Он вошел в дверь и тут же разочарованно заморгал. Я перестроил внутреннюю часть коттеджа так, что бывшая передняя теперь была разделена на прихожую и проявочную, а собственно в той части, которая осталась под прихожую, была теперь картотека да окно, выходящее на улицу. Белые стены, белый кафельный пол – все белое и безликое.
– Сюда, – внутренне забавляясь его растерянностью, сказал я и повел его мимо проявочной и того, что служило раньше кухней, а теперь было скорее ванной и отчасти продолжением прихожей. За ними была новая кухня, а слева – узкая лестница.
– Кофе или поговорим? – спросил я.
– М-м… поговорим.
– Тогда наверх.
Я пошел вверх по лестнице, он следом за мной. Одну из двух спален я использовал как гостиную, поскольку она была самой большой комнатой в доме и с лучшим видом на Даунс. В самой маленькой комнате рядом с этой я спал.
В гостиной были белые стены, белый пол, коричневый ковер, голубые шторы, опускающийся светильник, книжные полки, софа, низкий столик и напольные подушки.
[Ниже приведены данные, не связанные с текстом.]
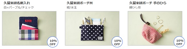 ※初めての方でもお買い求めいただきやすい小物類がメインのラインナップ。10~30%オフを中心とした期間限定割引商品を100点以上取り揃えています。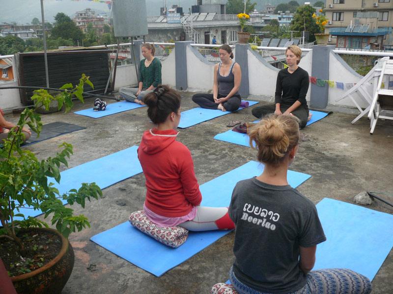 Rishi Poudel, owner of Peace Eye Guest House Invites all guest to join his free morning Yoga class on the rooftop overlooking the splendid Annapurna Mountain Range.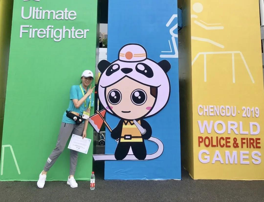 2019年8月,钟杏敏在世警会消防员赛事组承担秩序和语言方面的志愿工作,在与赛事承办方天府消防大队的消防员们沟通的过程中,她更加直观地感受到消防员这个职业的非凡之处。“消防大队承办了极限消防员和消防百米障碍两个项目的比赛,极限消防员这个项目是让参赛的消防员背一个很重的假人出入模拟的火场,他们在真实工作中很可能就面临着这样的情境,我对消防员的敬意也就更真切了一些。”时间已经过去了快两年,但提起这件事,钟杏敏心中的感慨仍然不减,“比赛结束我们和消防员合影,照片还没拍完突然警铃就响了,他们就要立刻出警。我们当时也不知道他们出警要去哪里干什么,只能在他们背后喊平安回来。”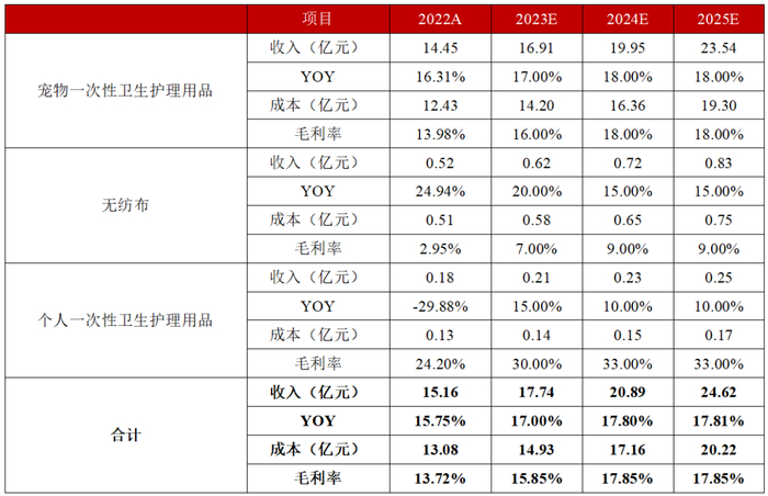 3.结合往年数据,将宠物一次性卫生护理用品、无纺布、个人一次性卫生护理用品的2023年收入增长预测设为17%、20%、15%;参考往年数据进行预测,将2024及2025年上述行业的收入增长设定为18%、15%、10%。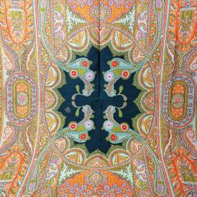 Orange Cashmere Woven Visit Shawl - France Circa 1850

Мой гость оценивающе стрелял глазами, оглядывая комнату.
– Ну? – нейтрально начал я.
– Ну… в смысле… хорошая картина.
Он подошел посмотреть поближе на единственную висевшую на стене вещь – бледно-желтый солнечный свет падает на снег сквозь нагие ветви серебристых берез.
– Это… гм… картина?
– Это фотография, – сказал я.
– О! Правда? Похожа на картину. – Он отвернулся и сказал: – Где бы вы стали жить, будь у вас сто тысяч фунтов?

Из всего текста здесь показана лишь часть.